Configuration drift is common
Many customers have configuration drift over time. SPF records become incomplete as new sending sources are added. DKIM signatures become inconsistent as infrastructure changes. The drift produces gradually worsening authentication outcomes.
Detailed analysis surfaces drift early, when remediation is bounded. Without analysis, drift accumulates until it produces visible deliverability problems.
Receiver-specific issues exist
Different receivers handle the same authentication setup with different results. The reasons vary: different validation strictness, different intermediate caching, different reputation models.
Identifying receiver-specific patterns informs receiver-specific remediation when needed.
Specific selector issues
DKIM selector usage patterns reveal interesting operational information. Some sources use specific selectors; others rotate selectors; others use ESP-managed selectors.

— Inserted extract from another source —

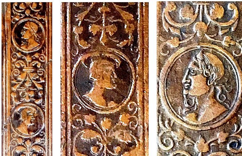
16 ILIUSTR. Ruletės išpaudai „Portretai“ (BAV 53.3.2; II 4714 2 )

šimais tarp jų, be jokio išpausto teksto. Su šios ruletės išpaudais VU bibliotekoje rastos 5 Žygimanto Augusto bibliotekos knygos, kurios buvo įrištos 1547 (sąrašo nr. 12), 1550 (sąrašo nr. 4), 1551 (sąrašo nr. 5), 1555 (sąrašo nr. 3), 1559 m. (sąrašo nr. 13). Po dvi iš jų pažymėtos superekslibrisais „Angeliukas“ (sąrašo nr. 3–4) ir „Suglausti skydai“ (sąrašo nr. 5, 12). Viena – superekslibrisu „MAGNVS DVX“ (sąrašo nr. 13). Atsižvelgiant į įrišimo metus (1559) bei panaudotą superekslibrisą („MAGNVS DVX“), galima daryti prielaidą, kad ruletė „Portretai“ buvo pervežta į Vilnių ir Vilniaus pirmojo knygrišio panaudota 1559 m., įrišant bent jau vieną Žygimanto Augusto bibliotekos knygą (sąrašo nr. 13).

Tracking selector usage helps identify when key rotations happen and whether the rotations are clean.
Volume calibration
The volume reported by receivers gives operational calibration. If you think you sent 100K messages to Gmail but Gmail reports 80K, the 20% gap needs explanation. The explanation might be:
- Messages rejected before reaching Gmail
- Messages spam-filtered before reaching reporting infrastructure
- Sampling differences in Gmail’s reporting
The calibration discipline catches issues that pure send-side logging cannot detect.
Time pattern detection
Hourly granularity in analysis surfaces time patterns that daily aggregates miss. Some sources only send during business hours. Some sources send constantly. The patterns inform operational understanding.
What we have built for customer analysis
We have built infrastructure to parse and analyze customer DMARC reports.

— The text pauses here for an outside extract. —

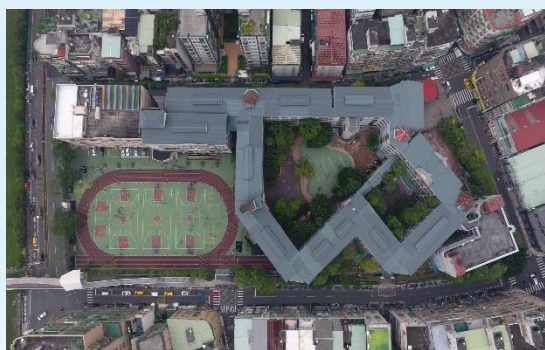
110年成功校園空拍圖

隨著蘆洲人口的移入，學生人數也不斷地成長，2000年時成為當時台灣學生人數最多的小學，為了滿足孩子上課的迫切需要，成功校園中一棟棟的校舍陸續興建落成。

Centralized report processing
Customer DMARC reports come to our managed report collection. We decode, parse, and store the reports automatically.

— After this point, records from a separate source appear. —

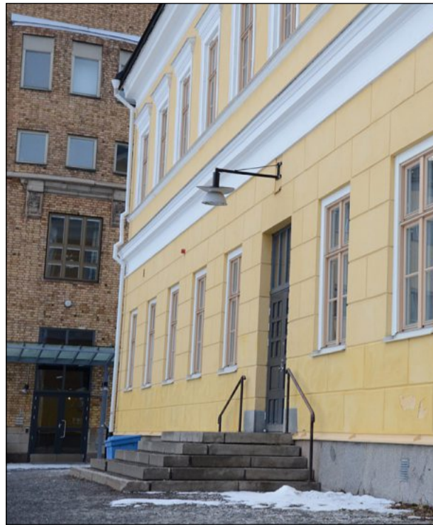
SPRÅKLÅDAN. Förvaltningsbyggnaden kallad Språklådan på Hermelinskolans gård är ett av de drabbade husen i Gymnasiebyn i Luleå.
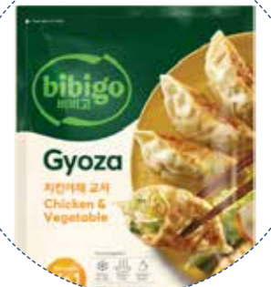
(1126) GYOZA DE POLLO Y VERDURAS -CONG- 600gr (30u x 20gr) BIBIGO - KREYENHOP 30 unitats per bossa »
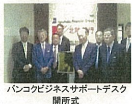
バンコクビジネスサポートデスク開所式
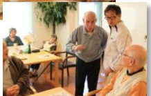
お誕生日会をしました
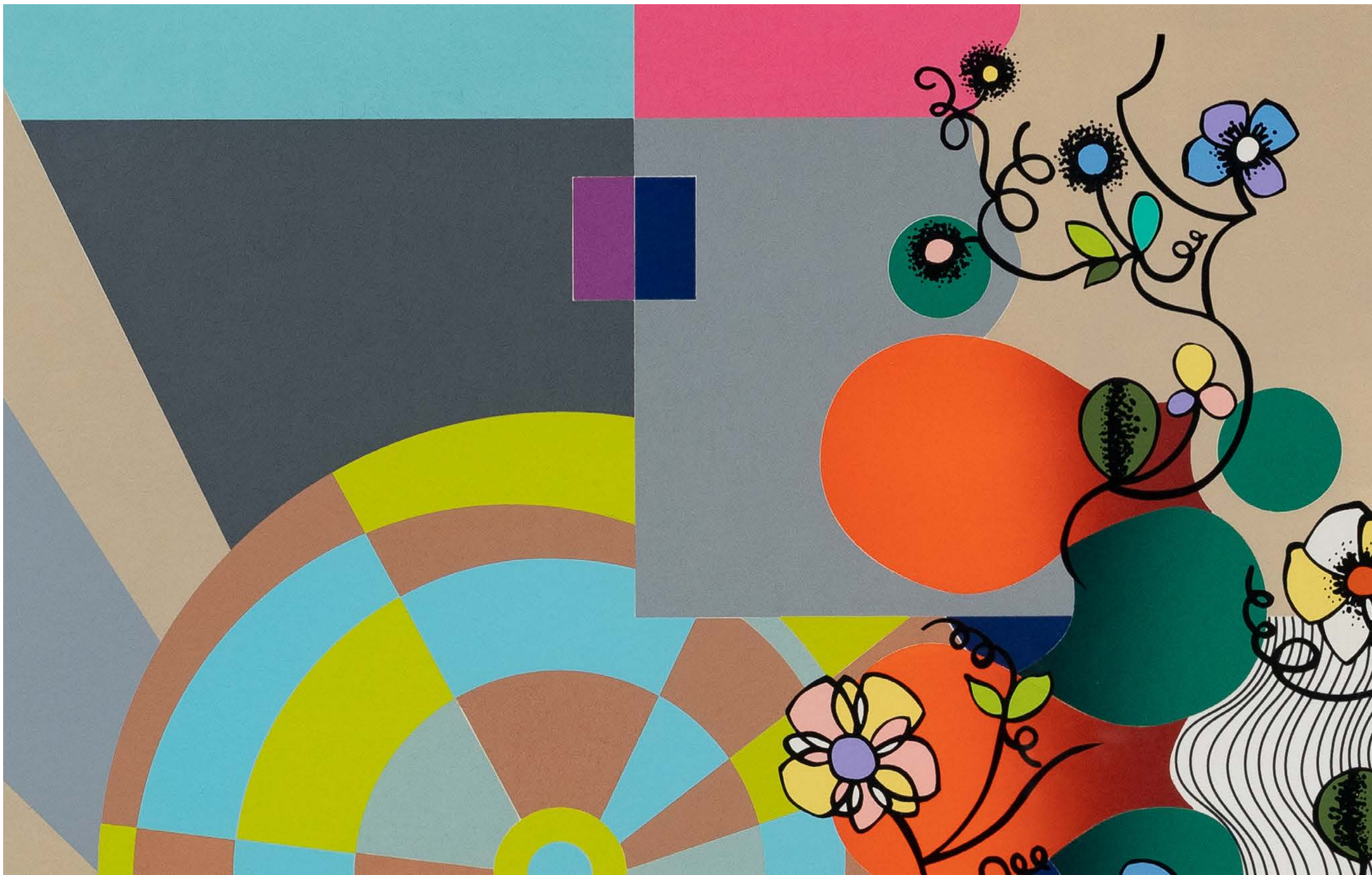
BEATRIZ MILHAZES Flower Swing, 2019 Detalhe [Detail]

For customers using our infrastructure for mail, the report collection is part of our managed services. The customer does not need separate DMARC report infrastructure.
Customer-facing dashboards
We provide customers with monthly summary dashboards showing:
- Authentication success rates
- Unauthorized source alerts
- Configuration drift indicators
- Volume patterns
The dashboards focus on actionable information rather than vanity metrics.
Alert-based notification
When the analysis surfaces concerning patterns (sudden authentication degradation, new unauthorized source, etc.), customers receive immediate notification.
The alert thresholds are calibrated to surface meaningful issues without false positives.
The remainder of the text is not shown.